Ferrari accused of 'illegal' car

McLaren's team manager launches attack on Italian rival Ferrari.

    Dennis said a floor device was used illegally 
    in the Australian Grand Prix [EPA]
    Dennis said Nigel Stepney, a Ferrari employee since sacked by the team, had tipped off Mike Coughlan, McLaren's chief designer, in March that the Italian team's car was in breach of the regulations.

    "Specifically, he told Mr Coughlan about a floor attachment mechanism and a rear wing separator, both of which could be and were seen on the Ferrari car prior to the Australian Grand Prix," he said.

    "As far as we are aware, Ferrari ran their cars with this illegal [floor] device at the Australian Grand Prix, which they won," he said.

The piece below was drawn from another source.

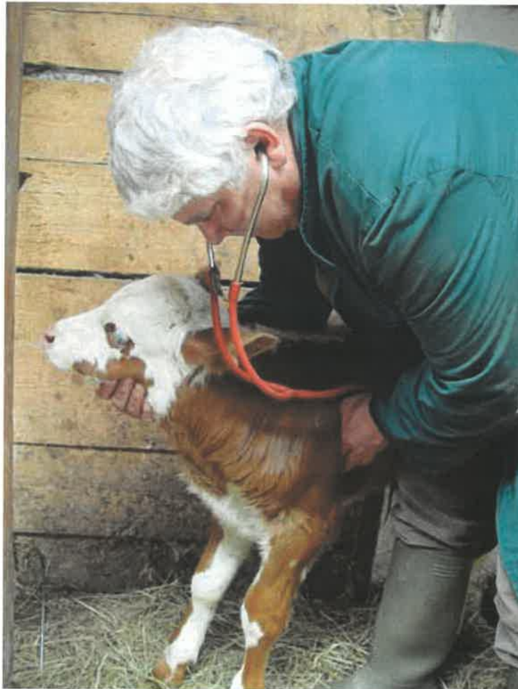
Nicht gezielte Tätigkeit mit biologischen Arbeitsstoffen bei der Untersuchung von Tieren

Bei den arbeitsmedizinischen Vorsorgeuntersuchungen sind zu unterscheiden:

Dennis's side is currently 27 points ahead of Ferrari in the standings.

    "In the interests of the sport, McLaren chose not to protest the result of the Australian Grand Prix even though it seems clear that Ferrari had an illegal competitive advantage."

    Whistle-blower

    Dennis said Stepney was right to bring the matter out into the open.

    "It is in the interests of Formula One that whistle-blowing is encouraged and not discouraged," he said.

    "He kept these documents at his home and later with the assistance of his wife who copied [them] on to two CDs at a shop near their home before shredding the originals using a home shredder and burning them in his back garden"

    Ron Dennis,

    McClaren team boss

    However, despite McLaren reportedly instructing Coughlan to cease contact with Stepney, they allegedly met in Barcelona, Spain, on April 28.

    In July, two computer discs with Ferrari material were found in a search of Coughlan's house carried out on the orders of the Italian team.

    "As it is now in the public domain, Mr Coughlan has admitted that Mr Stepney gave him a dossier of Ferrari documents in Barcelona which he took for his own private reasons," Dennis wrote.

    "He kept these documents at his home and later with the assistance of his wife who copied [them] on to two CDs at a shop near their home before shredding the originals using a home shredder and burning them in his back garden."

    Dennis said that since that discovery, Ferrari had gone to "extraordinary length to try to maximise the damage to McLaren, no doubt hoping to gain some advantage for the world championship".

    He said that no one else at McLaren was aware of the documents or of any Ferrari details finding their way into the design process.

    "McLaren's reputation has been unfairly sullied by incorrect press reports from Italy and grossly misleading statements from Ferrari," Dennis said.

    "It would be a tragedy if one of the best world championships in years was derailed by the acts of one Ferrari and one McLaren employee acting for their own purposes wholly unconnected with Ferrari or McLaren."